DATASET EXCERPTS ::
══════
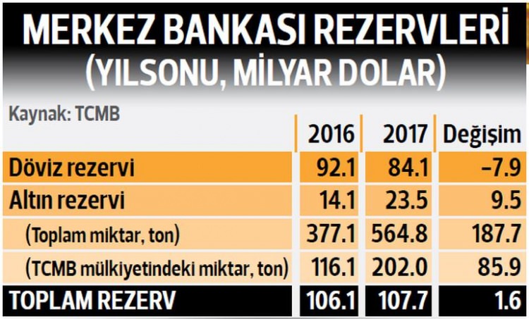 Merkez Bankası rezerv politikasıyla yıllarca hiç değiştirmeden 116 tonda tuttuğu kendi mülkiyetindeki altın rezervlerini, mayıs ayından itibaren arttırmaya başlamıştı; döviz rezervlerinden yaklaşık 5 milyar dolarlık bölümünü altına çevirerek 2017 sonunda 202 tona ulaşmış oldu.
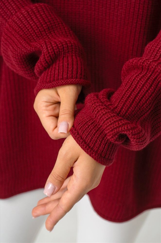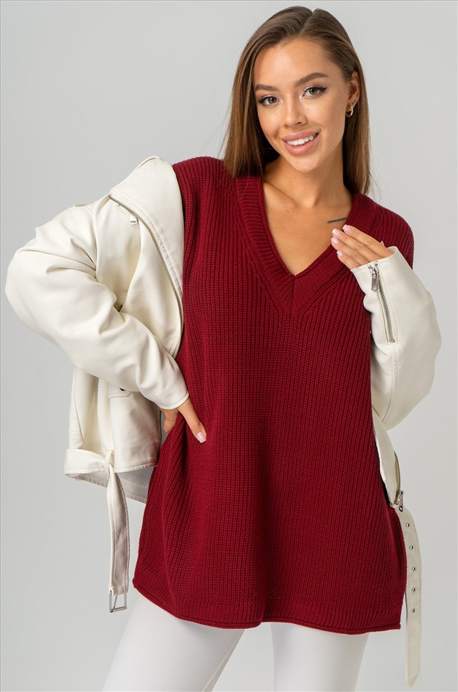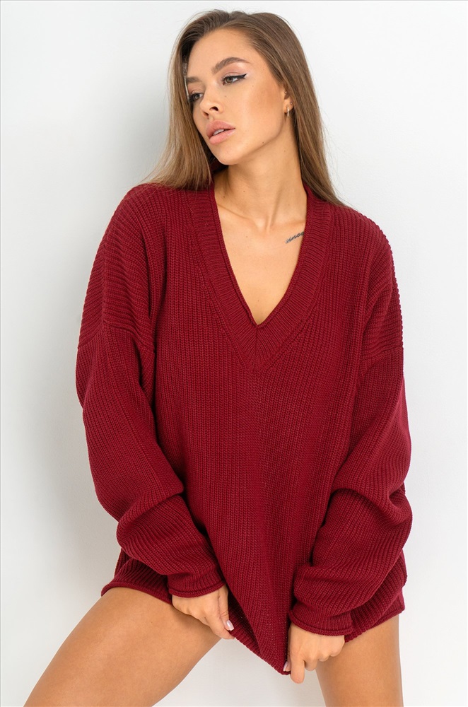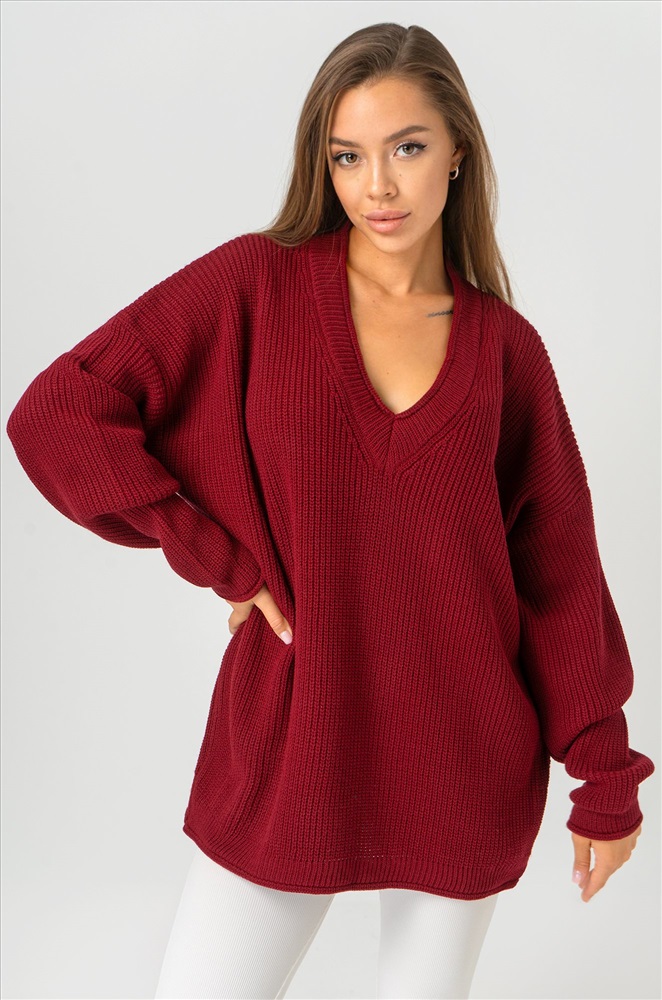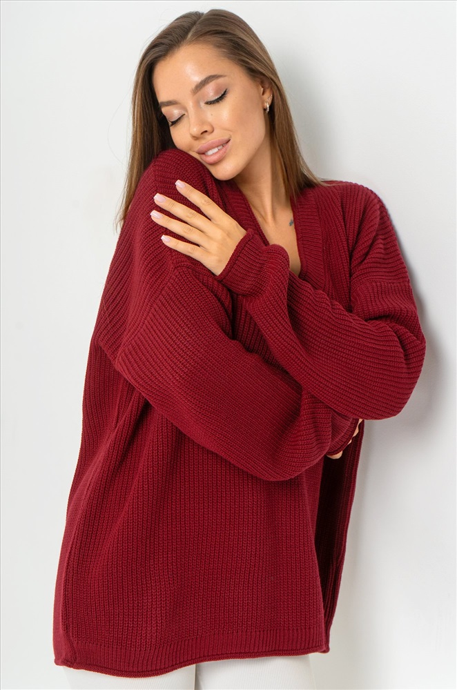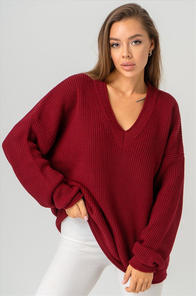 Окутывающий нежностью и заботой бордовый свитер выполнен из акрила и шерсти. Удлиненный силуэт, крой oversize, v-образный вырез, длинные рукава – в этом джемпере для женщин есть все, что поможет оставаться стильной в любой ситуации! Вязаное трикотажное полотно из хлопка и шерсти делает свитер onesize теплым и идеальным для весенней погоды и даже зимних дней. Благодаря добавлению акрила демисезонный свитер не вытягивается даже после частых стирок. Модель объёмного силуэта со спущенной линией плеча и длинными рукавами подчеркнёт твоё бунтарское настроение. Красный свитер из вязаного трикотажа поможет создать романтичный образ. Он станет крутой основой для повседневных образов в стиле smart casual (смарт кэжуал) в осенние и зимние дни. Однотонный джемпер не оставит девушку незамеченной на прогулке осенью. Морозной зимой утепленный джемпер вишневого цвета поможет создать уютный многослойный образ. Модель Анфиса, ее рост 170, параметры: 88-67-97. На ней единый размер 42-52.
══════
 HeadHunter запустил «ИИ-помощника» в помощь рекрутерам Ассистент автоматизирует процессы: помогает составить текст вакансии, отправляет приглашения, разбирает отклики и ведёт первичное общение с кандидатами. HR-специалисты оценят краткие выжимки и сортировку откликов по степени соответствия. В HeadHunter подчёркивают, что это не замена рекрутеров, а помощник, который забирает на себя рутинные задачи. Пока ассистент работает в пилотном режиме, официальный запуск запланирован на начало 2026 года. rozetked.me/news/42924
══════
How would the lines above read from the one with "Merkez Bankası rezerv" to the one with "Окутывающий нежностью и", inclusive, with no pictures? Write them out exactly.

 Merkez Bankası rezerv politikasıyla yıllarca hiç değiştirmeden 116 tonda tuttuğu kendi mülkiyetindeki altın rezervlerini, mayıs ayından itibaren arttırmaya başlamıştı; döviz rezervlerinden yaklaşık 5 milyar dolarlık bölümünü altına çevirerek 2017 sonunda 202 tona ulaşmış oldu.
 Окутывающий нежностью и заботой бордовый свитер выполнен из акрила и шерсти. Удлиненный силуэт, крой oversize, v-образный вырез, длинные рукава – в этом джемпере для женщин есть все, что поможет оставаться стильной в любой ситуации! Вязаное трикотажное полотно из хлопка и шерсти делает свитер onesize теплым и идеальным для весенней погоды и даже зимних дней. Благодаря добавлению акрила демисезонный свитер не вытягивается даже после частых стирок. Модель объёмного силуэта со спущенной линией плеча и длинными рукавами подчеркнёт твоё бунтарское настроение. Красный свитер из вязаного трикотажа поможет создать романтичный образ. Он станет крутой основой для повседневных образов в стиле smart casual (смарт кэжуал) в осенние и зимние дни. Однотонный джемпер не оставит девушку незамеченной на прогулке осенью. Морозной зимой утепленный джемпер вишневого цвета поможет создать уютный многослойный образ. Модель Анфиса, ее рост 170, параметры: 88-67-97. На ней единый размер 42-52.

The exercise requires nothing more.